[Work task] Where the data below begins, start duplicating lines exactly, and finish with the line containing "L’Association Sciences Pout"; add nothing else. Leave the pictures out.
-- Available data follows --
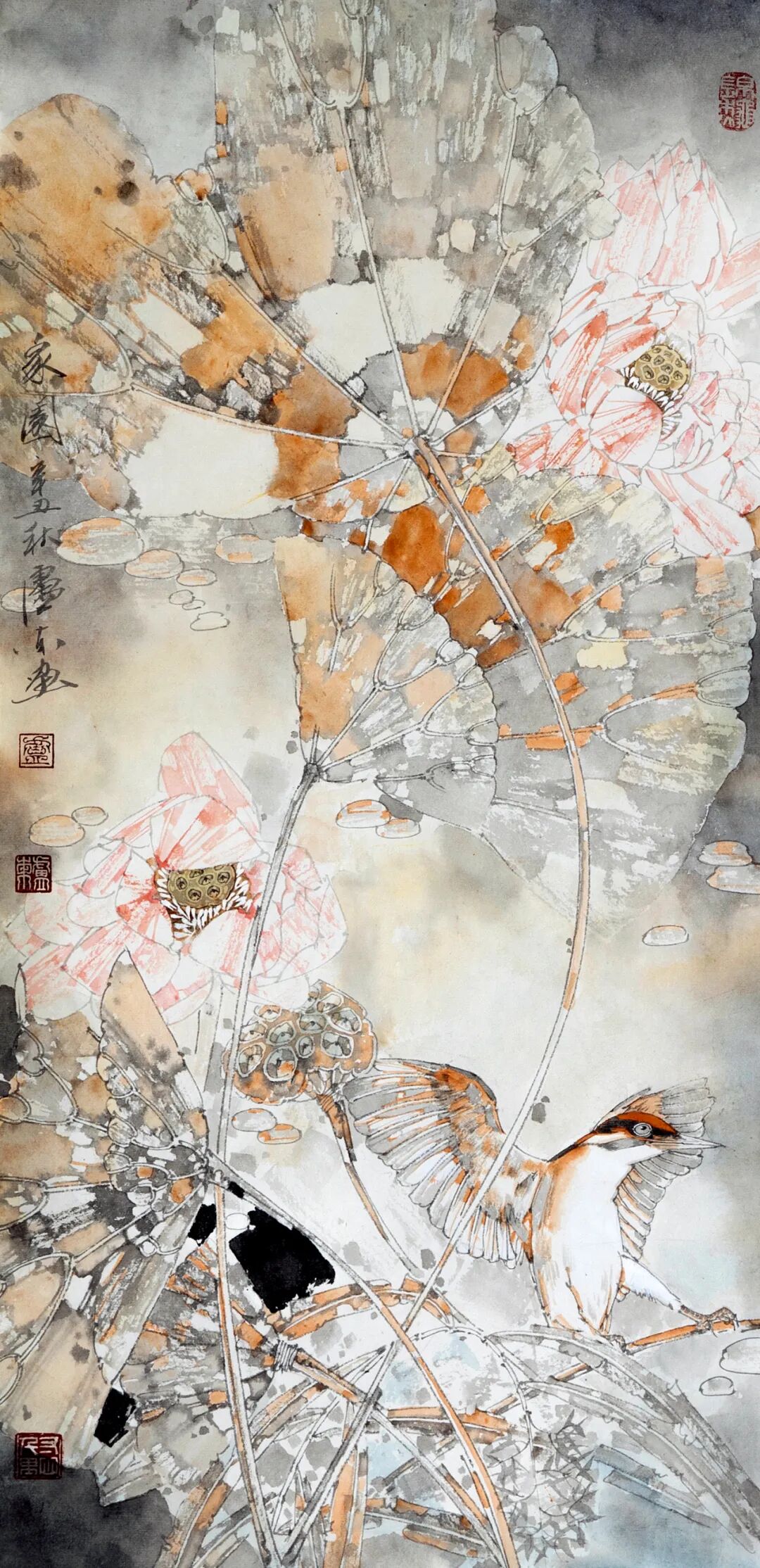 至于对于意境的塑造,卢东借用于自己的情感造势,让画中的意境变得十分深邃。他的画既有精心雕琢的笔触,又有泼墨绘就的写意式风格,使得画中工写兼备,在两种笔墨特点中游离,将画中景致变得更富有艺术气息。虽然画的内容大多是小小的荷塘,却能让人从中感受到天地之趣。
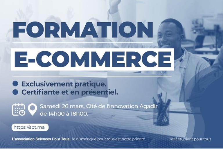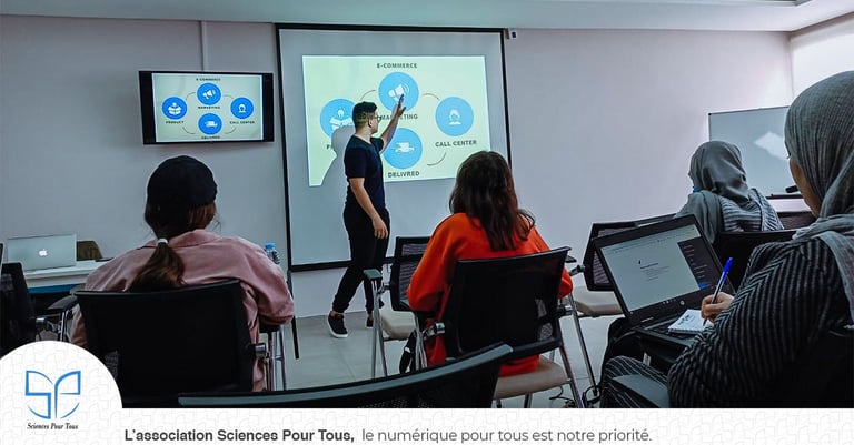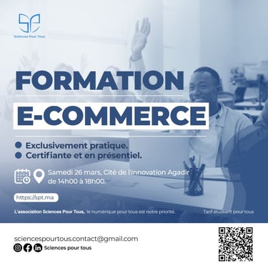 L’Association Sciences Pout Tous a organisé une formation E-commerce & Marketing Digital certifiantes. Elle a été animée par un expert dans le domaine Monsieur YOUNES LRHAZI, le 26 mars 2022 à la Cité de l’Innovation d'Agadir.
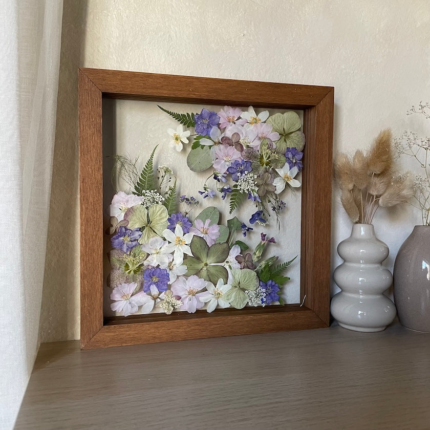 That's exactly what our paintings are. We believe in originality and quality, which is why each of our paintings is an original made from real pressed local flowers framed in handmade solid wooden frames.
-- Available data concluded --
[Response]
 至于对于意境的塑造,卢东借用于自己的情感造势,让画中的意境变得十分深邃。他的画既有精心雕琢的笔触,又有泼墨绘就的写意式风格,使得画中工写兼备,在两种笔墨特点中游离,将画中景致变得更富有艺术气息。虽然画的内容大多是小小的荷塘,却能让人从中感受到天地之趣。
 L’Association Sciences Pout Tous a organisé une formation E-commerce & Marketing Digital certifiantes. Elle a été animée par un expert dans le domaine Monsieur YOUNES LRHAZI, le 26 mars 2022 à la Cité de l’Innovation d'Agadir.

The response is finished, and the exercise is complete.